# I am still alive :)



## vladimirb (Mar 31, 2008)

Hey guys, just want to jump quickly to say that I am still alive, but barely hehe
I had too much work in past 30 days and I am afraid I will be absent for a month more 
I have been part of this forum for two years by now [March 31Th was the date I registered myself here] and I want to thank you for all your help, effort and support that you gave me in the past two years 
I hope you didn't forgive me and don't worry, I will be back 
These two years I will never forget and I think I will be part of this for at least 10 years 
Take care all of you


----------



## WereBo (Apr 5, 2008)

And you are? :4-dontkno


:grin:

Sorry Vladimirb, just kidding - Hurry back and good luck with the extra work. We'll keep your chair warm for you :wink:


----------



## Wrench97 (May 10, 2008)

Good to hear an update someone was just asking about you


----------



## 2xg (Aug 5, 2009)

Glad to finally hear from you 'V', where have you been?

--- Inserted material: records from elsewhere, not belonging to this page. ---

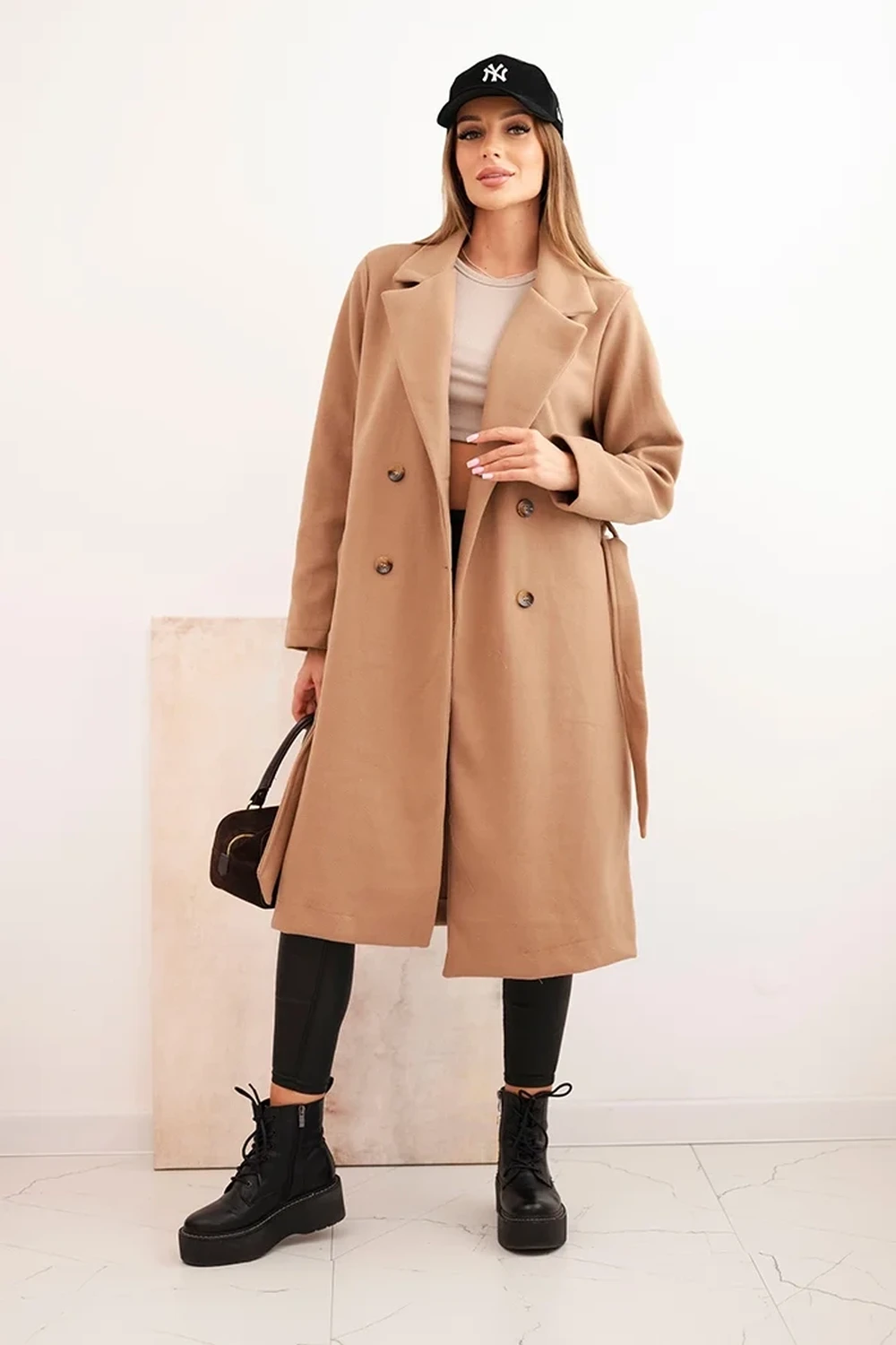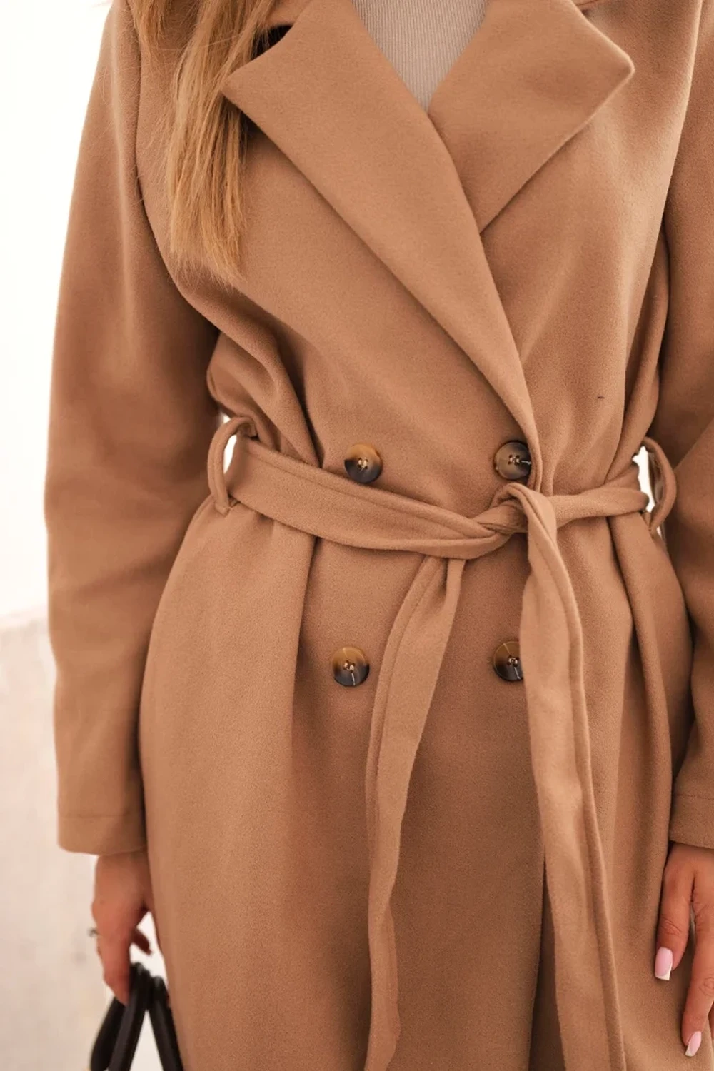 Palton lung bej cu croiala clasica si cordon, un articol care adauga un aer elegant si modern oricarei tinute de sezon. Realizat dintr-un material moale si placut la atingere, ofera confort termic si o silueta bine definita datorita cordonului reglabil in talie. Designul cu rever amplu si inchidere dubla cu nasturi decorativi confera un aspect rafinat, perfect atat pentru tinutele casual, cat si pentru cele de birou. Poarta-l cu botine, pantaloni din piele si o geanta minimalista pentru un look sofisticat si actual. Ideal pentru zilele reci de toamna sau iarna, acest palton bej este o piesa esentiala in garderoba ta.
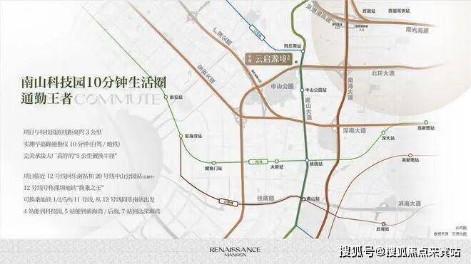 中海云启源境家园,由中海集团打造,位于南山区北环大道南农路西侧,紧邻中山公园,距离中山公园地铁站约700米,交通便捷。项目地处南山中心区与科技园辐射范围内,周边聚集了高新技术产业与总部经济资源,是深圳核心产业集聚区之一。该片区以科技研发、金融商务为主导,依托科技园的地缘优势,吸引了大量科技企业与高端人才,形成产城融合的发展格局
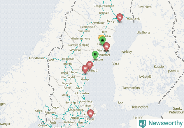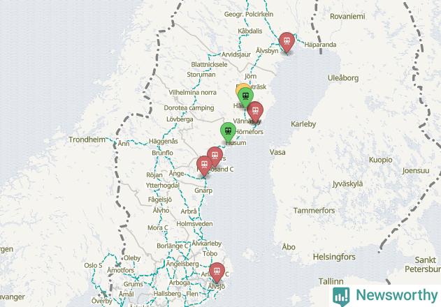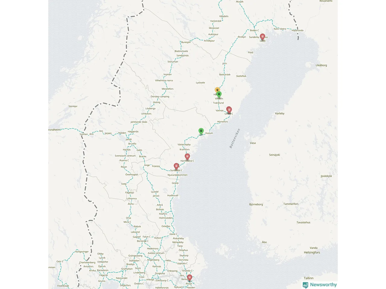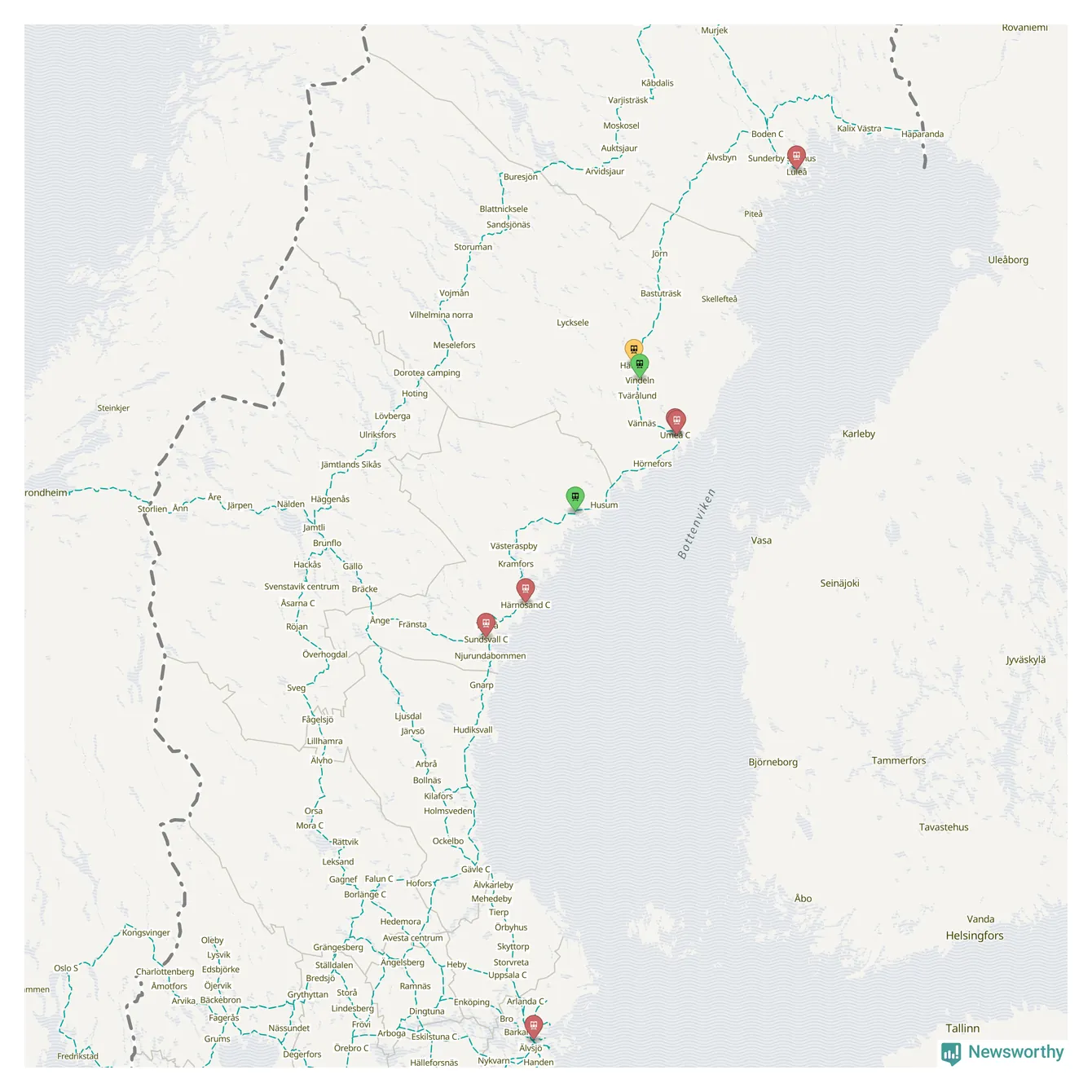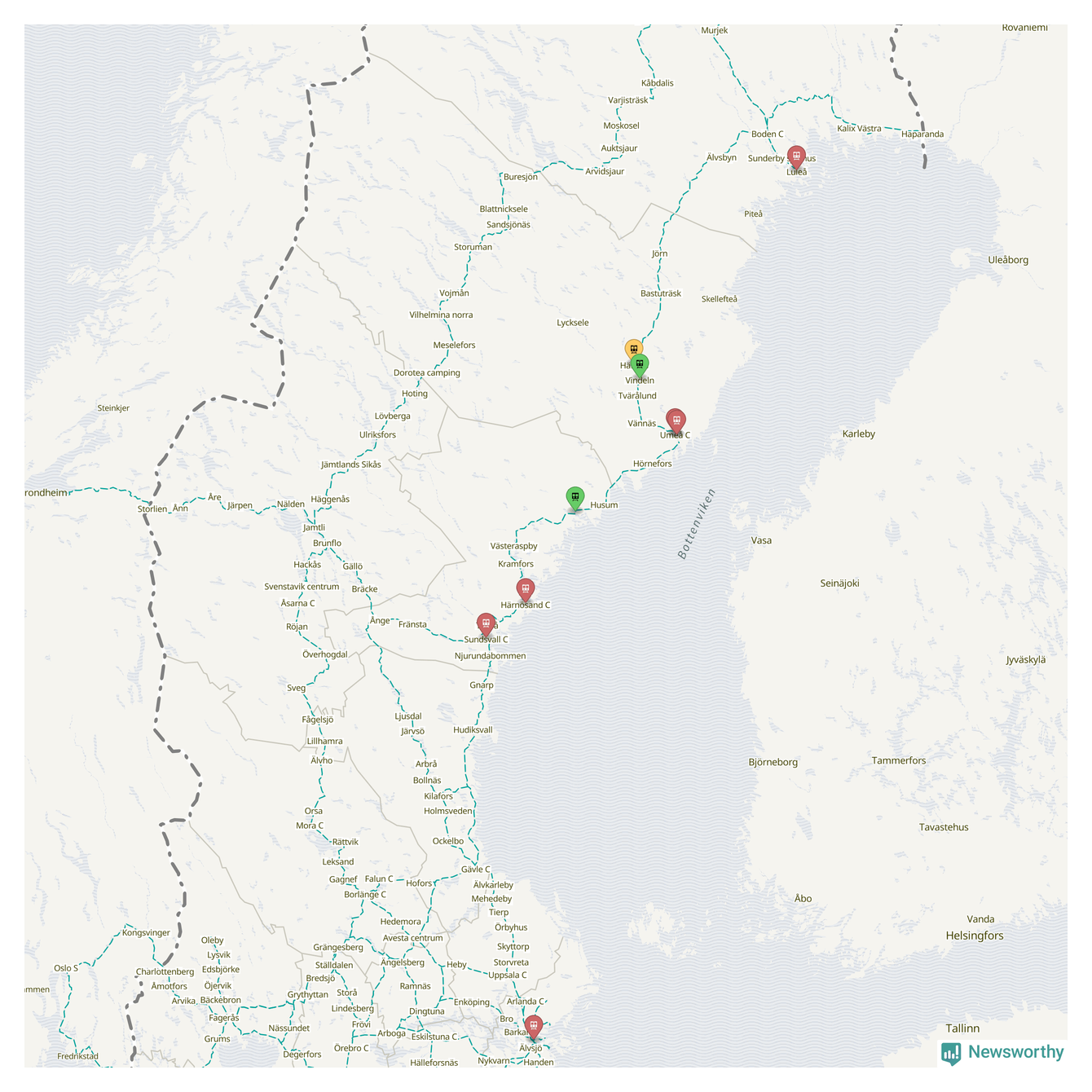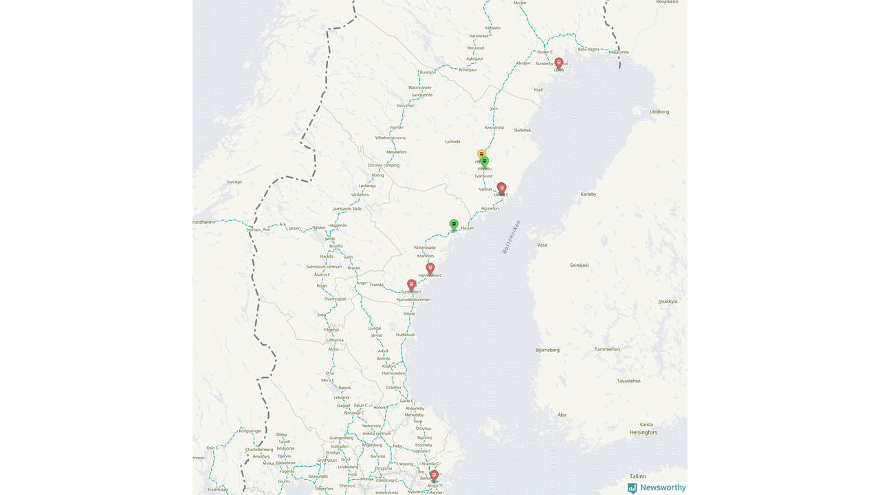 Kartdata från Mapbox, Newsworthy, OpenStreetMap och Trafikverket. Uppgifter om sträckor med passagerartrafik från jarnvag.net.

Now, get back to work! :laugh:


----------



## Mars30 (Feb 23, 2010)

Have a happy work Vladimir... Take care a lot and best of wishes for U.. I am hoping to see U back soon.. :wave::wave:


----------



## Dunedin (Jul 19, 2007)

> I hope you didn't forgive me and don't worry, I will be back


But we DID! :grin:

We didn`t forget you either
See you later vladimirb

.


----------



## McNinja (Jun 22, 2008)

Glad to hear that Vlad, its been a while since we've talked...


----------



## Done_Fishin (Oct 10, 2006)

Take care, work hard, 

we're making a mental note that you'll be working "extra hard" when you return, to make up :grin:


----------



## Glaswegian (Sep 16, 2005)

Hey Vlad - don't work too hard - we need you back here in good condition...:grin:


----------



## Redeye3323 (Sep 20, 2009)

Your work has to come first but don't worry, TSF will still have a place for you when you return :wave:


----------



## JohnthePilot (Mar 30, 2006)

Glad to hear you are OK.


----------



## tallin (Apr 26, 2008)

Come back when you can, that is all we want to happen.









Look after yourself too.


----------



## sandman55 (May 28, 2005)

Good to hear your still alive and breathing :grin:


----------



## 3daysjourney (Feb 24, 2010)

Pleasure to know.


----------



## sobeit (Nov 11, 2007)

this is for you

YouTube - Bee Gees - Stayin' Alive ( 1977 )


----------